MATERIAL PROVIDED section start

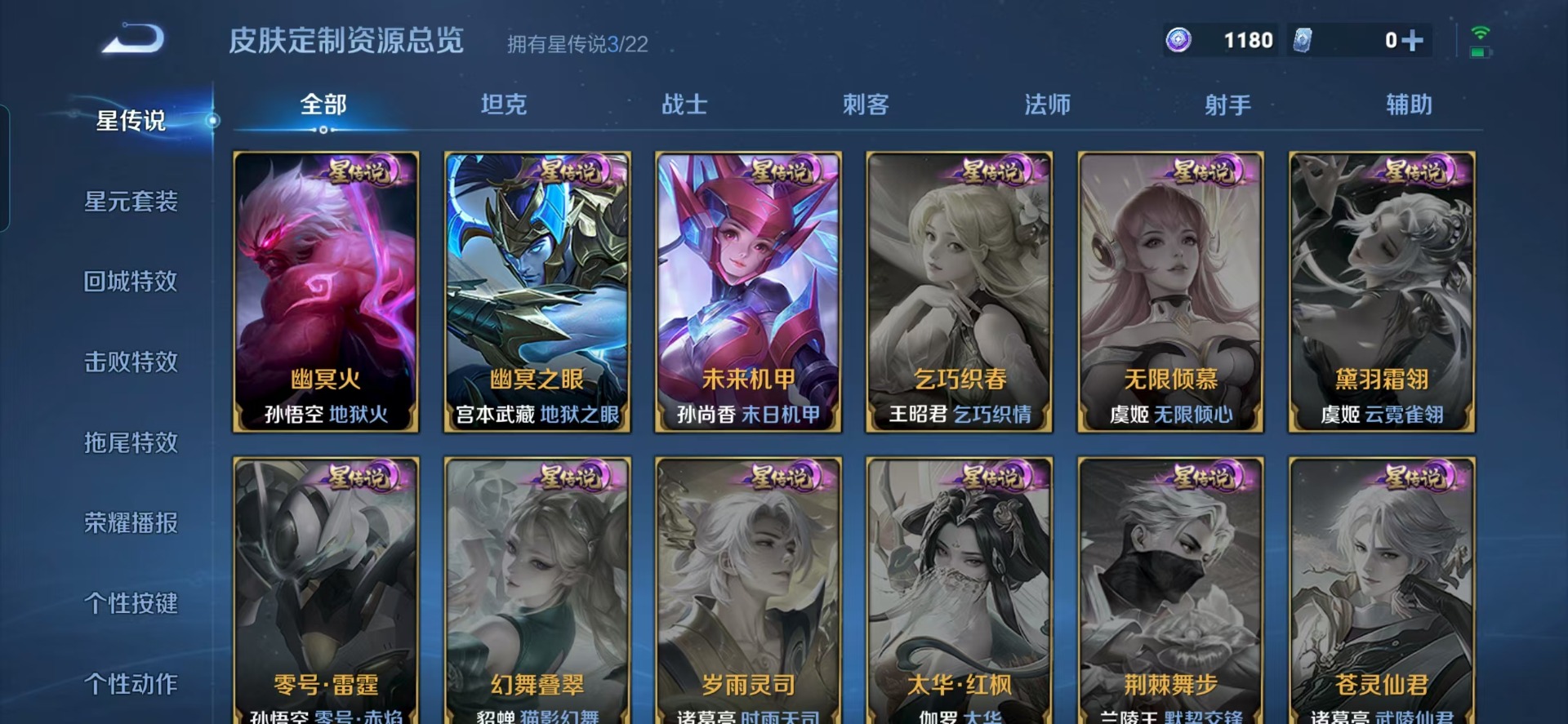 - PX_2073460-贵族等级: V10 英雄数: 125 皮肤数: 215 荣耀水晶: 武则天,杀手不太冷,全息碎影 星传说: 幻海之心,未来机甲,幽冥之眼,金色仲夏夜 传说皮: 黄金狮子座,黄金射手座,黄金白羊座,猫影幻舞,久胜战神,云霓雀翎,末日机甲-孙尚香,地狱火,仲夏夜之梦,海洋之心,地狱之眼,胖达荣荣,超时空战士-狄仁杰,艾琳觅芳踪 限定皮: 李小龙,梁祝,魔法小厨娘,玄嵩,岱宗,幽恒
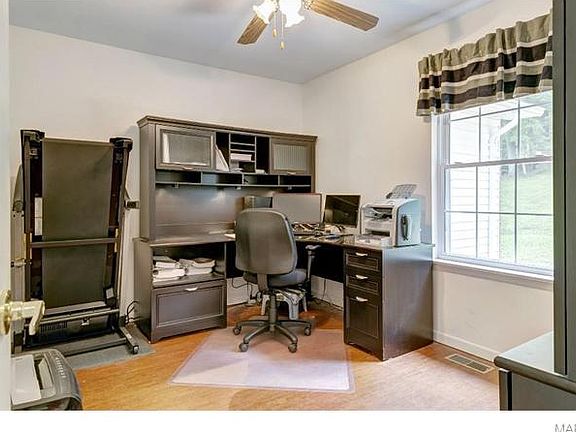 THE POOL IS OPEN AND THE PRICE HAS BEEN REDUCED! This LAKEFRONT HOME is just a short hop off I-44 & tucked behind Shaw Nature Reserve & one of Missouri''s newest state parks you will find this newer ranch home on 3+/- acres w/3 bedrooms on the main plus a den that may also be used BR. Guest quarters on the lower level has additional bedroom. Could be a 5 BR, 3 full, 1 half bath. The bedrooms are generously sized. The floor plan is open w/stone fireplace as the focal point of the living room. Beautiful cork flooring recently added to main living areas. The master suite w/full bath & walk-in closet has private access to the deck that overlooks the in ground pool & private wooded yard. Pool currently uses chlorine but can be salt water. The lower level is finished & makes for the perfect hang-out while enjoying the pool or game night complete with family room w/second fireplace, rec. room, & tiled floor area for future kitchenette. With 3rd full bath could be in-law suite.
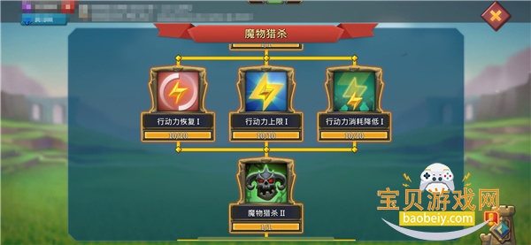 其次,看自身单产什么资源,选择增加该资源生产的英雄进行进阶,比如我单产铁,所以先升级了愤怒和猎手。
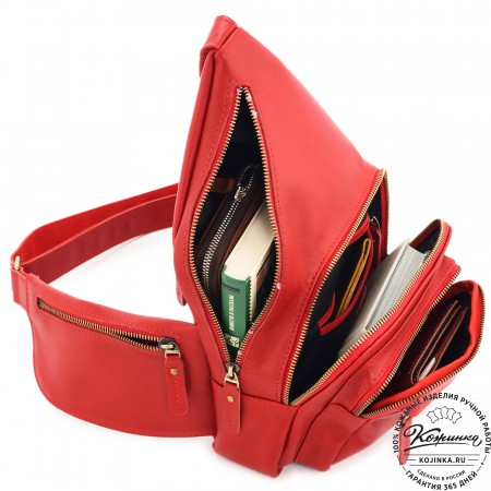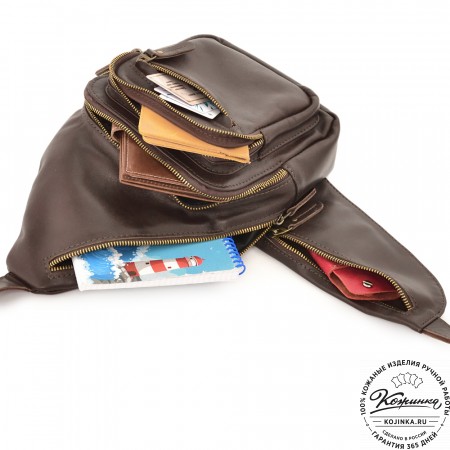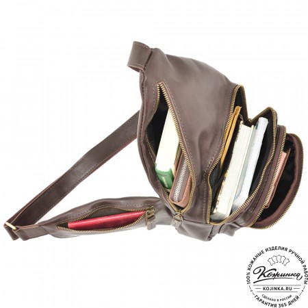 Кожаный рюкзак "Фобос" - стильный диагональный рюкзак на одну плечевую лямку.

MATERIAL PROVIDED section end

Reproduce the data above word for word and omit the images.

- [REPLY TO THE EXERCISE]
 - PX_2073460-贵族等级: V10 英雄数: 125 皮肤数: 215 荣耀水晶: 武则天,杀手不太冷,全息碎影 星传说: 幻海之心,未来机甲,幽冥之眼,金色仲夏夜 传说皮: 黄金狮子座,黄金射手座,黄金白羊座,猫影幻舞,久胜战神,云霓雀翎,末日机甲-孙尚香,地狱火,仲夏夜之梦,海洋之心,地狱之眼,胖达荣荣,超时空战士-狄仁杰,艾琳觅芳踪 限定皮: 李小龙,梁祝,魔法小厨娘,玄嵩,岱宗,幽恒
 THE POOL IS OPEN AND THE PRICE HAS BEEN REDUCED! This LAKEFRONT HOME is just a short hop off I-44 & tucked behind Shaw Nature Reserve & one of Missouri''s newest state parks you will find this newer ranch home on 3+/- acres w/3 bedrooms on the main plus a den that may also be used BR. Guest quarters on the lower level has additional bedroom. Could be a 5 BR, 3 full, 1 half bath. The bedrooms are generously sized. The floor plan is open w/stone fireplace as the focal point of the living room. Beautiful cork flooring recently added to main living areas. The master suite w/full bath & walk-in closet has private access to the deck that overlooks the in ground pool & private wooded yard. Pool currently uses chlorine but can be salt water. The lower level is finished & makes for the perfect hang-out while enjoying the pool or game night complete with family room w/second fireplace, rec. room, & tiled floor area for future kitchenette. With 3rd full bath could be in-law suite.
 其次,看自身单产什么资源,选择增加该资源生产的英雄进行进阶,比如我单产铁,所以先升级了愤怒和猎手。
 Кожаный рюкзак "Фобос" - стильный диагональный рюкзак на одну плечевую лямку.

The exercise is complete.